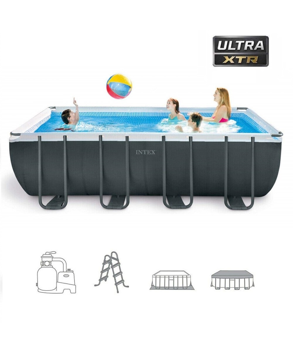 Piscina fuori terra Intex Ultra XTR® Frame 26356NP rettangolare 549x274x132 cm con struttura in acciaio zincato e liner triplo strato. Completa di pompa a sabbia, scaletta, telo base e telo di copertura.
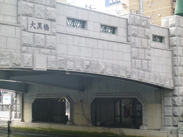 道頓堀川沿いを道頓堀橋から西へ散策しています。「新戎橋」の西に架かる橋が「大黒橋」で、雰囲気はころっと変わり、ぶ厚そうな石橋がどっしり感を与えてくれます。北はアメリカ村付近でしょうか、そして「なんばHach」にも近いですね。道頓堀川に架かる橋の中で一番迫力ある橋です、気に入りました。ここも一方通行です。
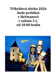 Tříkrálová sbírka bude probíhat v Heřmanově již v sobotu 3.1.2026.
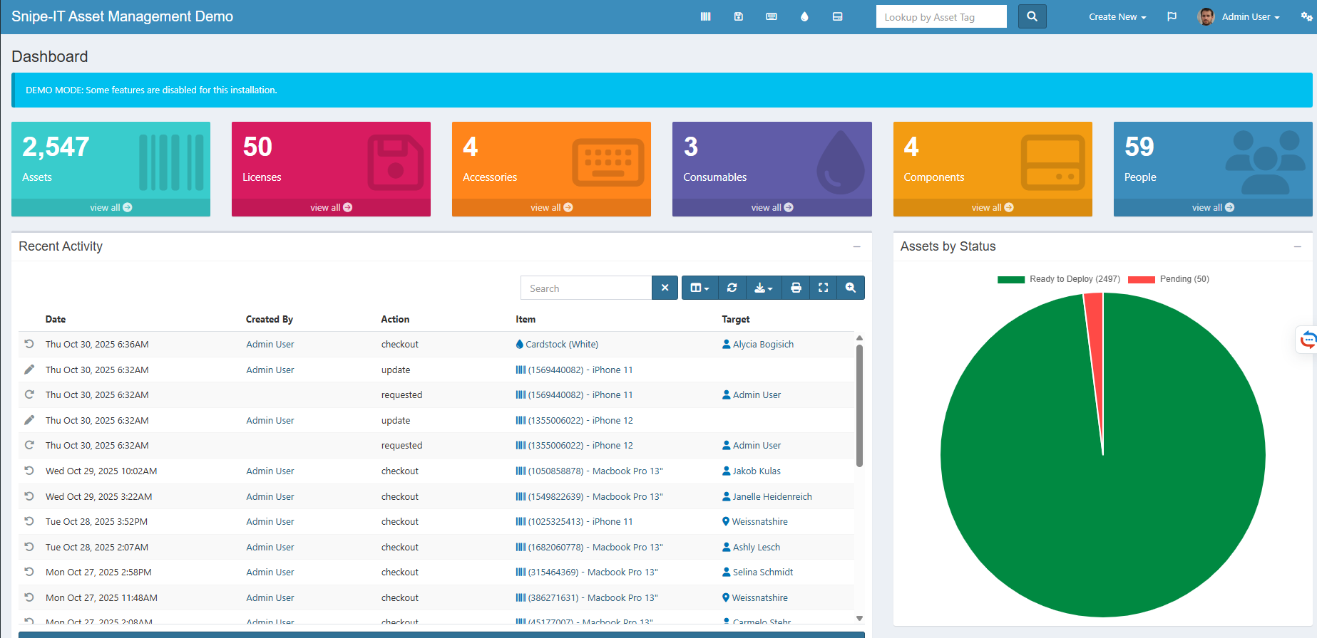 Snipe-IT is an open-source IT asset management system basically, software that helps you track and manage your company’s physical and digital assets (like laptops, phones, software licenses, and accessories).
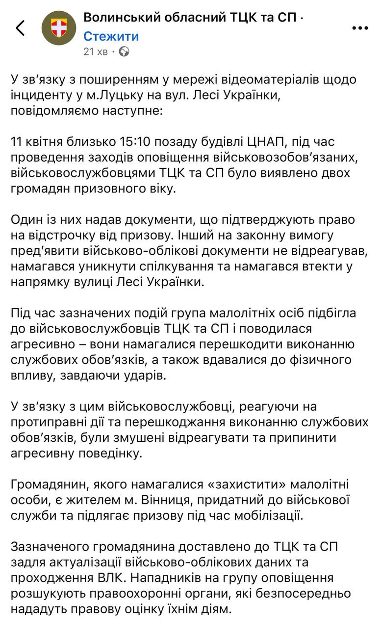 Як зазначається в офіційному повідомленні ТЦК, інцидент стався на це вулиці Лесі Українки, яка розташована у центрі Луцька. Біля будівлі ЦНАП представники ТЦК перевіряли документи. Один із чоловіків мав відстрочку. Інший відмовився показати документи та намагався втекти.
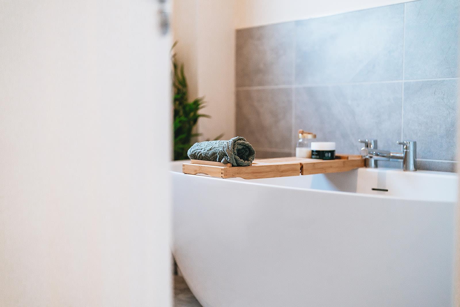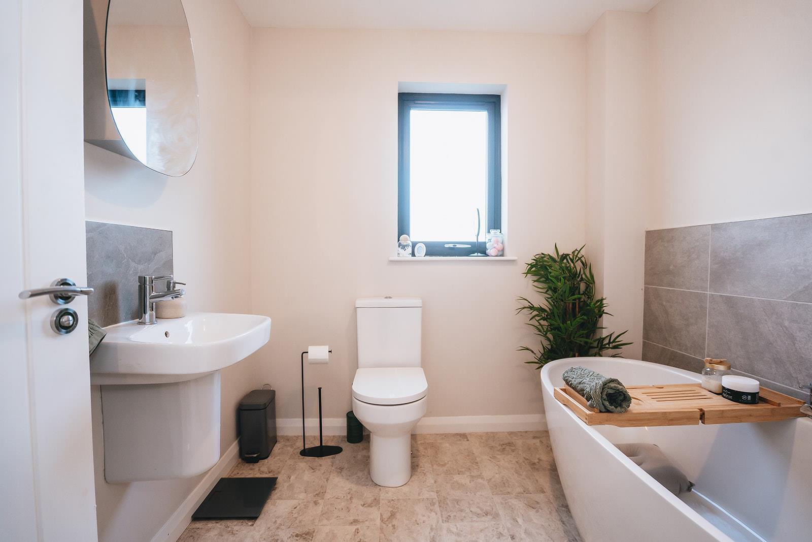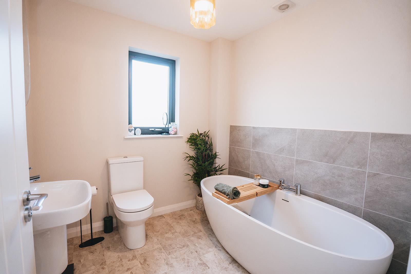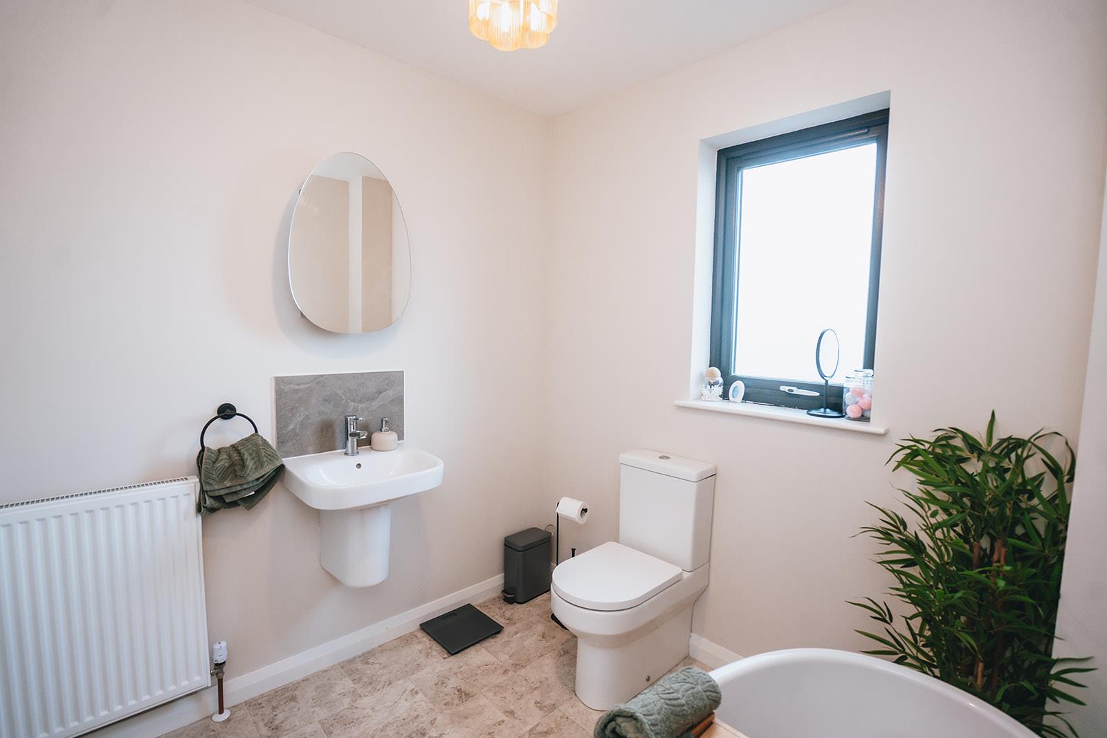 Stunning family bathroom comprising a freestanding bath with mixer tap, low flush wc, wall hung wash hand basin with tiled splashback and mixer tap.

++++

### Work to complete:
With the pictures left out, return each entry exactly as written.

### Solution to this task:
 Piscina fuori terra Intex Ultra XTR® Frame 26356NP rettangolare 549x274x132 cm con struttura in acciaio zincato e liner triplo strato. Completa di pompa a sabbia, scaletta, telo base e telo di copertura.
 道頓堀川沿いを道頓堀橋から西へ散策しています。「新戎橋」の西に架かる橋が「大黒橋」で、雰囲気はころっと変わり、ぶ厚そうな石橋がどっしり感を与えてくれます。北はアメリカ村付近でしょうか、そして「なんばHach」にも近いですね。道頓堀川に架かる橋の中で一番迫力ある橋です、気に入りました。ここも一方通行です。
 Tříkrálová sbírka bude probíhat v Heřmanově již v sobotu 3.1.2026.
 Snipe-IT is an open-source IT asset management system basically, software that helps you track and manage your company’s physical and digital assets (like laptops, phones, software licenses, and accessories).
 Як зазначається в офіційному повідомленні ТЦК, інцидент стався на це вулиці Лесі Українки, яка розташована у центрі Луцька. Біля будівлі ЦНАП представники ТЦК перевіряли документи. Один із чоловіків мав відстрочку. Інший відмовився показати документи та намагався втекти.
 Stunning family bathroom comprising a freestanding bath with mixer tap, low flush wc, wall hung wash hand basin with tiled splashback and mixer tap.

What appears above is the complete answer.